Friday 12 May 2023

Review: The Amazing Adventures of Letitia Carberry

The Amazing Adventures of Letitia Carberry The Amazing Adventures of Letitia Carberry by Mary Roberts Rinehart
My rating: 2 of 5 stars

I noticed a later book in the series on Project Gutenberg, and since Gutenberg didn't have the first one, I got a copy from archive.org instead. Be warned: the archive.org version is the raw scan right out of a poor-quality OCR program, has not been edited even a little bit or even spellchecked for the most blindingly obvious scan errors, and as a result is not at all recommended and borderline unreadable - though in most (not quite all) cases I could guess what a word was supposed to be despite the many distortions.

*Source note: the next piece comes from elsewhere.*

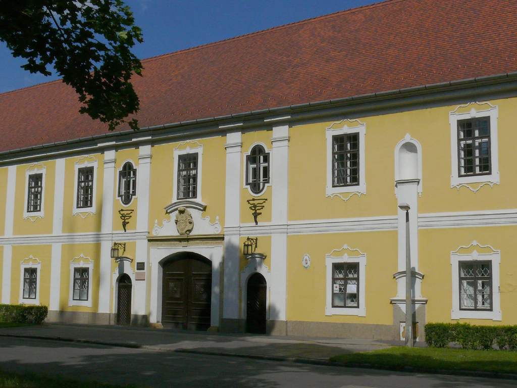 Baroque building of Károly kisfaludy High-School, Mohács, hungary

That may well have lowered my rating from what it otherwise would have been; it's maybe a three-star book, to be absolutely fair. According to Wikipedia, this series is comedy (though the author is mainly known for her murder mysteries), and that's why I picked it up; but what it turned out to be was a murder mystery, and not a good one. It kept me reading because I wanted to know the explanation for the bizarre series of events, but in the end, the explanation was completely absurd. Maybe that's meant to be the comedy, but if so, it didn't work for me. (view spoiler)

There's a trio of unmarried women, middle-aged or older, at the centre of the story. The title character and main investigator, known as Tish, is stubborn and domineering; her friend Aggie is silly and neurotic; their friend Lizzie, who narrates most of the story before the narration switches to Tish's doctor nephew for some reason I've already forgotten, is sensible and otherwise rather characterless. None of them have much more depth than the descriptions I've just given. Possibly their characters and their interactions are meant to be the comedy, but if so, it still didn't work for me.

There's a half-hearted gesture in the direction of a romance subplot, between the doctor nephew and a nurse, but it doesn't receive any development to speak of.

Overall, it strikes me as half-baked, if that, and I couldn't find the comedy.